Helpful to add Enclomiphene to TRT for Fertility?

jc2c

Member
I'm on testosterone cypionate, hCG, and anastrozole. Would adding enclomiphene help with fertility? I wish I could add FSH but I can't find an affordable, non-sketch source. I understand there's a negative feedback loop with exogenous testosterone. But, wouldn't blocking the estrogen feedback loop at least help a little with endogenous FSH production? or would it have no effect? Hoping someone could explain the science to me. I'm trying to avoid coming off TRT because I have post-finasteride ED and finally got to a good place.
 
This most likely won't work. While the evidence isn't definitive, anecdotes suggest that negative feedback from androgens at the hypothalamus is too suppressive and still blocks production of GnRH in most individuals on TRT. I've demonstrated that the combination of TRT + enclomiphene + GnRH does work. However, the protocol is too demanding for most, and it's not clear if less frequent doses of GnRH would be effective.
 
This most likely won't work. While the evidence isn't definitive, anecdotes suggest that negative feedback from androgens at the hypothalamus is too suppressive and still blocks production of GnRH in most individuals on TRT. I've demonstrated that the combination of TRT + enclomiphene + GnRH does work. However, the protocol is too demanding for most, and it's not clear if less frequent doses of GnRH would be effective.
@Cataceous I'm wondering if you ever tested your natural production on the 12.5 mg enclomiphene EOD that you're taking now? That dose results in moderate to high levels of testosterone in most men without severe primary hypogonadism. I forget what your background was that led you to TRT.

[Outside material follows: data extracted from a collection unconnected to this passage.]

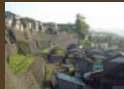
3 Yatsuo Town (2004-)
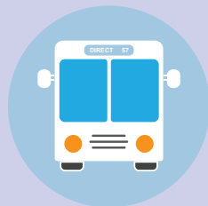
Travel and transport
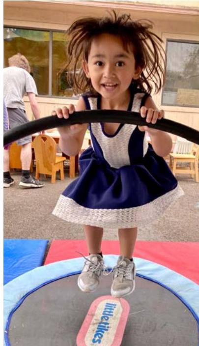
A preschooler enjoys a new play area at The Annex, now home to First Place Family Center and First Place Kids after a consolidation of SVdP's emergency family services into one site.

Our YFS team and participants are loving their new space, 2 miles down the road from the previous FPFC/First Place Kids location, and settling in at The Annex. Thanks to SVdP's maintenance team, new shade structures allow kids to enjoy outdoor play time. And in addition to standard programming, weekly Family Fun Days and monthly Family Wellness Events will soon return at the new location.
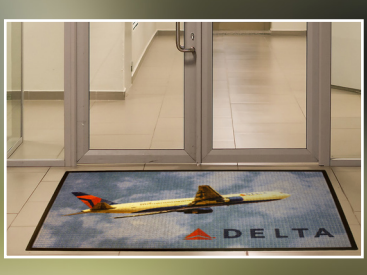
WaterHog Impressions HD®
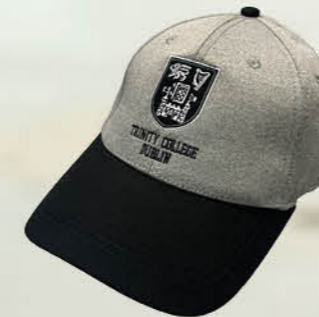
TRIN6019 GREY/BLACK TRINITY CREST B/BALL CAP (ONE SIZE)
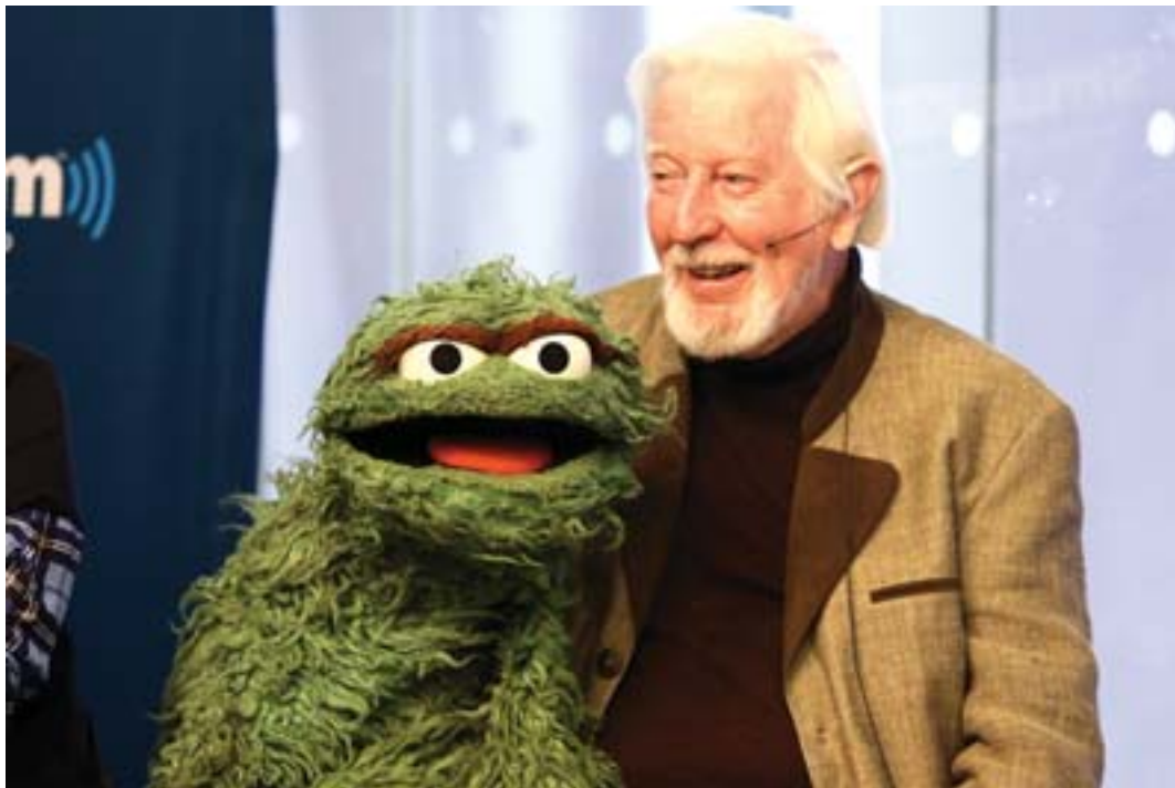
In this file photo taken, Caroll Spinney ‘Oscar and Big Bird’ attends SiriusXM’s Town Hall with original cast members from Sesame Street in New York City. Caroll Spinney, the big-hearted Muppeteer who play the Sesame Street character Big Bird for almost a half-century, died on December 8, 2019, Sesame Workshop announced. He was 85.
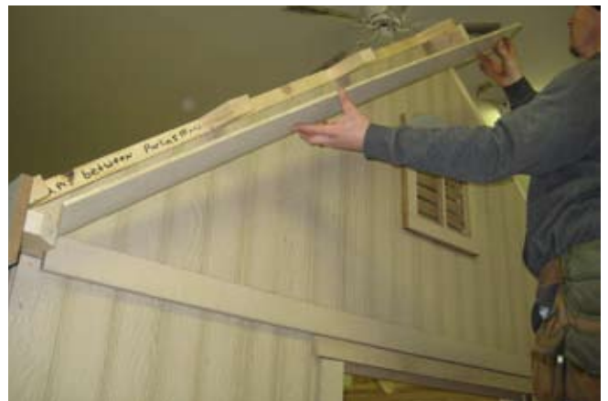
72. Install 7/16" siding for soffit as shown. Install longer piece first and then shorter one on the other side.
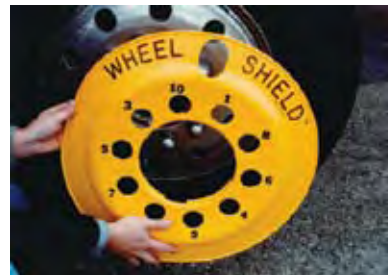
WHEEL SHIELD HX-24

Protection cover for aluminum and chrome bolt hole areas while using an impact wrench.
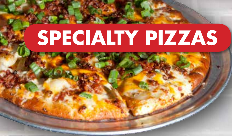
Potato Skin Pizza
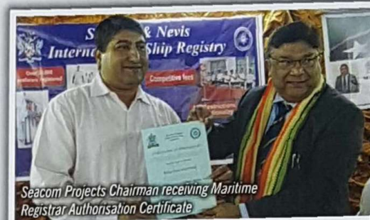
Seacom Projects Chairman receiving Maritime Registrar Authorisation Certificate
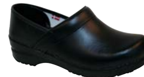
Original-Prof. PU // 1500006W // Size 35-43 Original-Prof. PU // 1500006M // Size 40-48 PU Leather // 2 Black
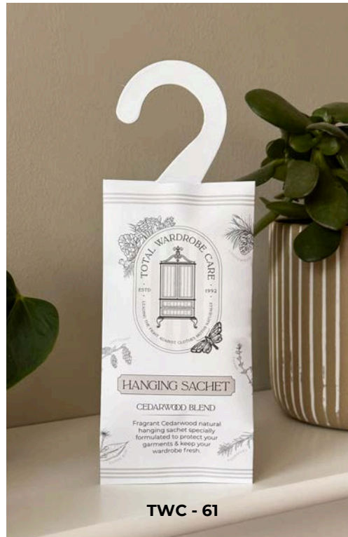
TWC - 61
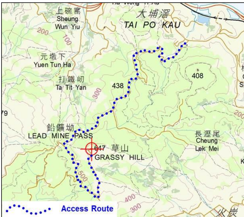
LOCATION MAP (Scale 1:50000)
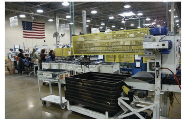
Pick and Go Unit 102 Topcraftpickerbrochure09.doc
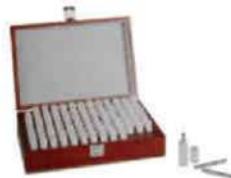
PIN GAUGE SET
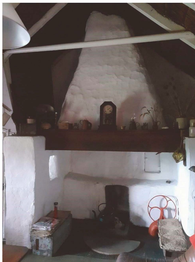
Old kitchen hearth and jamb wall, near Tramore, Co. Waterford (Barry O'Reilly)

Interior walls tend to be rendered in lime plaster, but some only have limewash, white being usual to maximize the light. Wallpaper is also found, more usually in bedrooms and parlours.
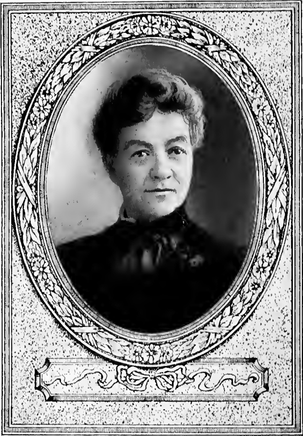
MRS. "JENNIE JUNE" CROLY
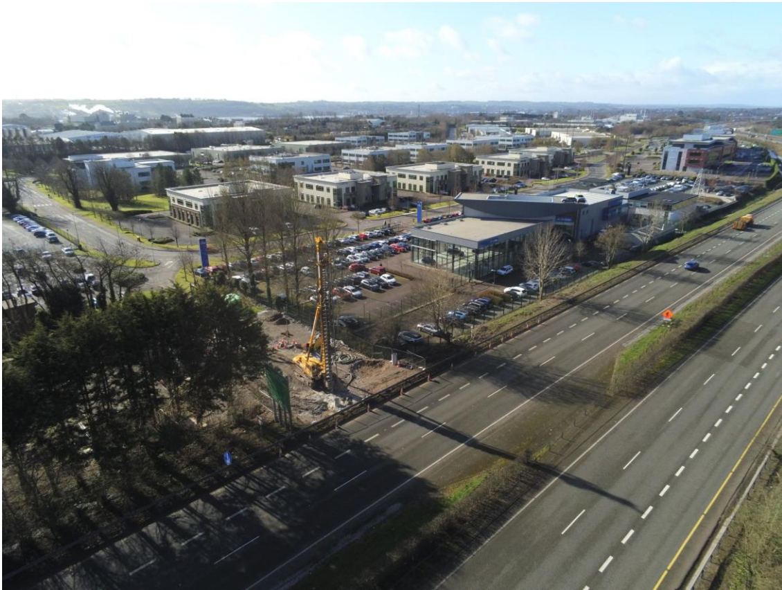
Piling works ongoing in the verge of the N25 westbound in the Little Island Interchange area

I assume you considered that idea but just in case you haven't, it would certainly be alot easier than your current protocol.
 
@Cataceous I'm wondering if you ever tested your natural production on the 12.5 mg enclomiphene EOD that you're taking now? That dose results in moderate to high levels of testosterone in most men without severe primary hypogonadism. I forget what your background was that led you to TRT.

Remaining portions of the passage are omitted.